Set down, word for word, every line of the material below from the one containing "SELECT SUBSTRING('asdfghjkl', 3, 100)" through the one containing "maximal 3 A.", but none of its pictures.

## Given information
+ + + +

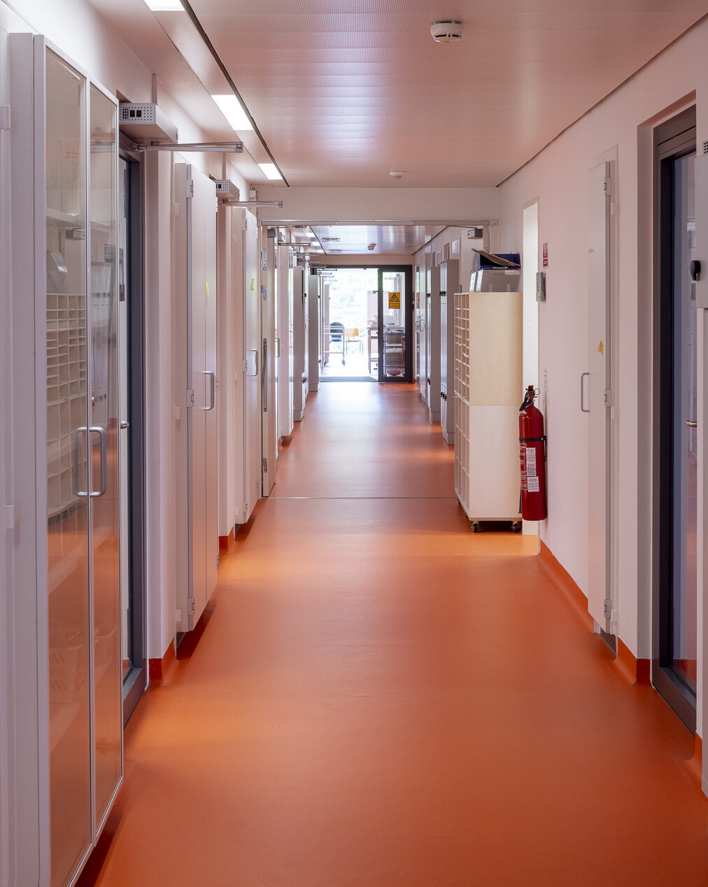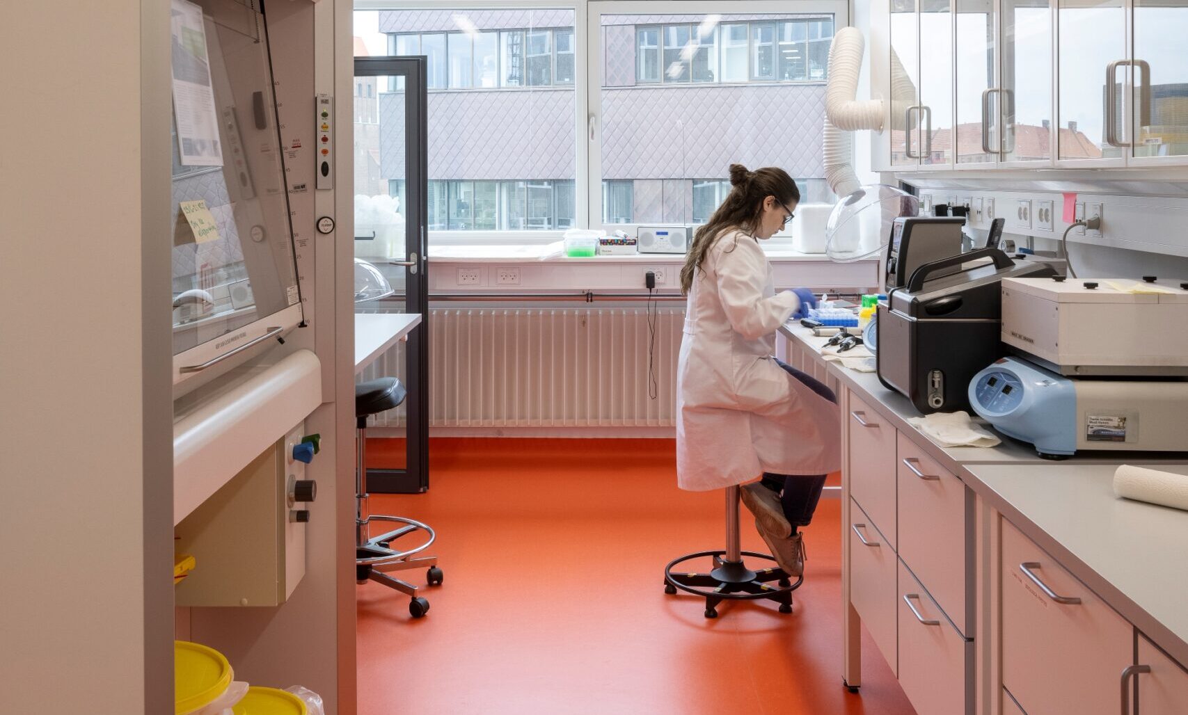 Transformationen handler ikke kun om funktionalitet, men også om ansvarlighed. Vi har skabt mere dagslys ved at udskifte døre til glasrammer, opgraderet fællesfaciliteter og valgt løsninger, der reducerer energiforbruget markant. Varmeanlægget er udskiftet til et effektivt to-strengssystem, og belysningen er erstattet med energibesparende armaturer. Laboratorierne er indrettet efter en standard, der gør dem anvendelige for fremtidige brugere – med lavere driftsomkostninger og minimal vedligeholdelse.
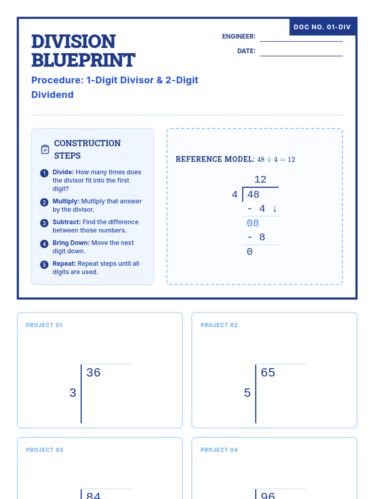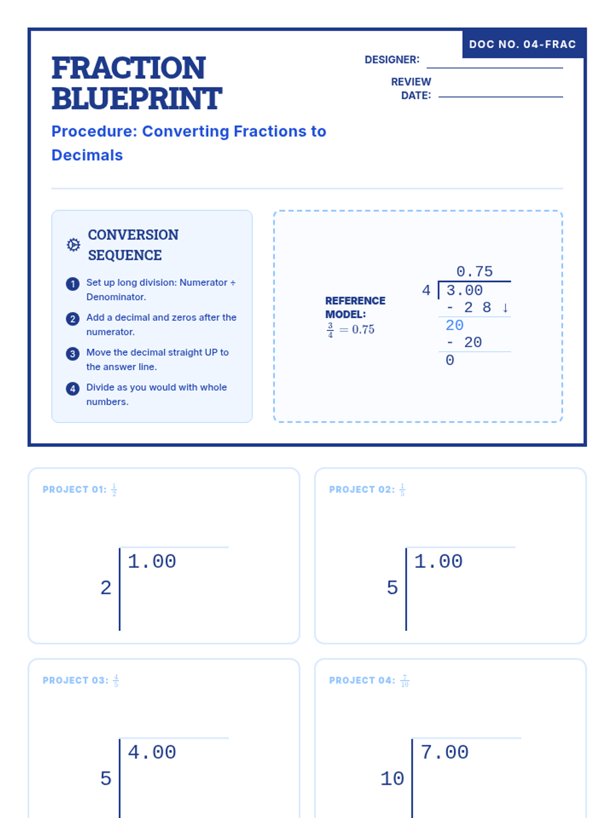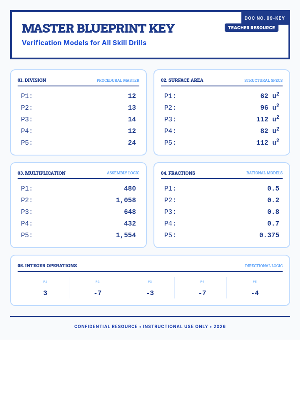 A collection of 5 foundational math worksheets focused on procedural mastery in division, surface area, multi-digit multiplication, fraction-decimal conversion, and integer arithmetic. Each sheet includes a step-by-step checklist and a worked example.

+ + + +

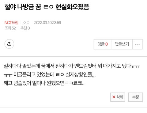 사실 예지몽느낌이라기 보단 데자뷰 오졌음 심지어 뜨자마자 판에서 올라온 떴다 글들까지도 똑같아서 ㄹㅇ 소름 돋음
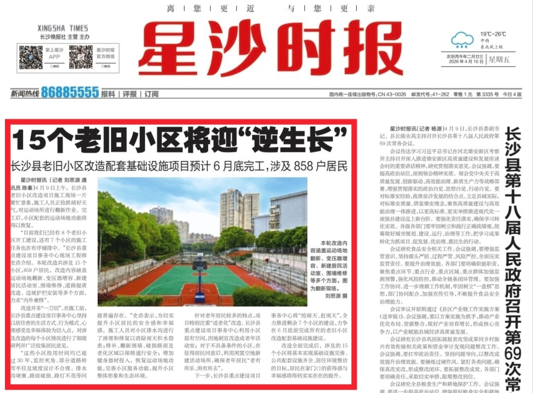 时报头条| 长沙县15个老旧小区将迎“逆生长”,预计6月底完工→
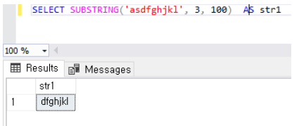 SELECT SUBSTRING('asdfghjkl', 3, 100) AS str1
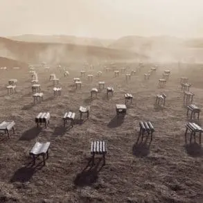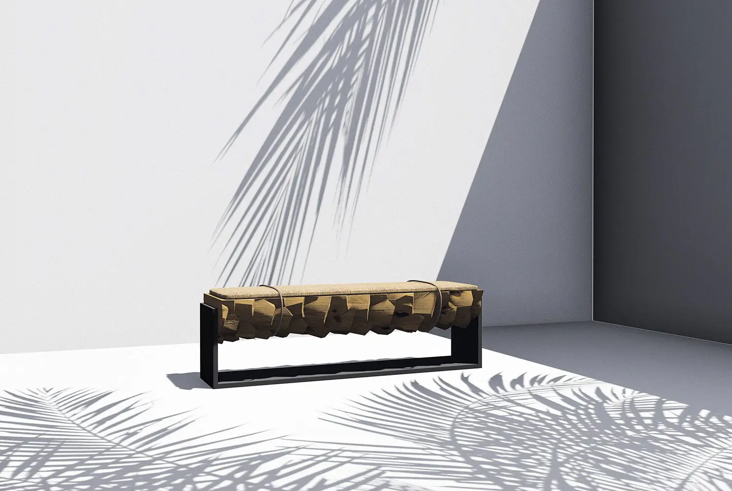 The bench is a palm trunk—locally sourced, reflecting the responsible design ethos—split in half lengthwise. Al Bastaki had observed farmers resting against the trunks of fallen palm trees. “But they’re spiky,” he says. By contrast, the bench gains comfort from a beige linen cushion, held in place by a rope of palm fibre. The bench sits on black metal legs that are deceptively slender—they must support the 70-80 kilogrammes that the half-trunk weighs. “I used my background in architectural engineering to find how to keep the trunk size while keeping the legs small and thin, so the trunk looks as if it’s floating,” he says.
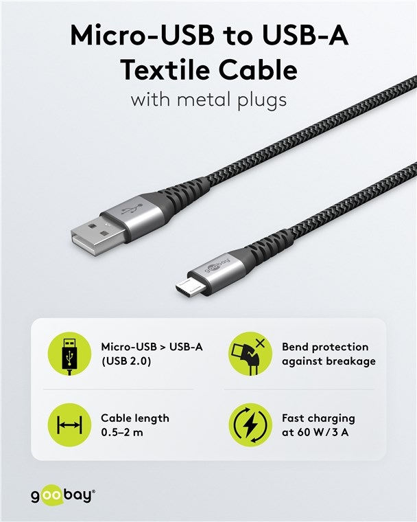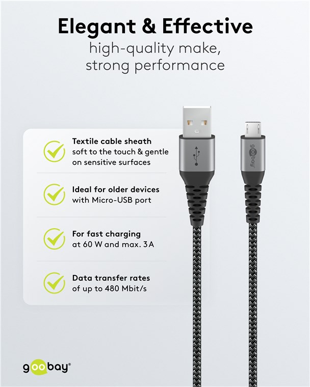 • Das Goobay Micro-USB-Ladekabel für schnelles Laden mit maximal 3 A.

+ + + +

## Written solution
 SELECT SUBSTRING('asdfghjkl', 3, 100) AS str1
 The bench is a palm trunk—locally sourced, reflecting the responsible design ethos—split in half lengthwise. Al Bastaki had observed farmers resting against the trunks of fallen palm trees. “But they’re spiky,” he says. By contrast, the bench gains comfort from a beige linen cushion, held in place by a rope of palm fibre. The bench sits on black metal legs that are deceptively slender—they must support the 70-80 kilogrammes that the half-trunk weighs. “I used my background in architectural engineering to find how to keep the trunk size while keeping the legs small and thin, so the trunk looks as if it’s floating,” he says.
 • Das Goobay Micro-USB-Ladekabel für schnelles Laden mit maximal 3 A.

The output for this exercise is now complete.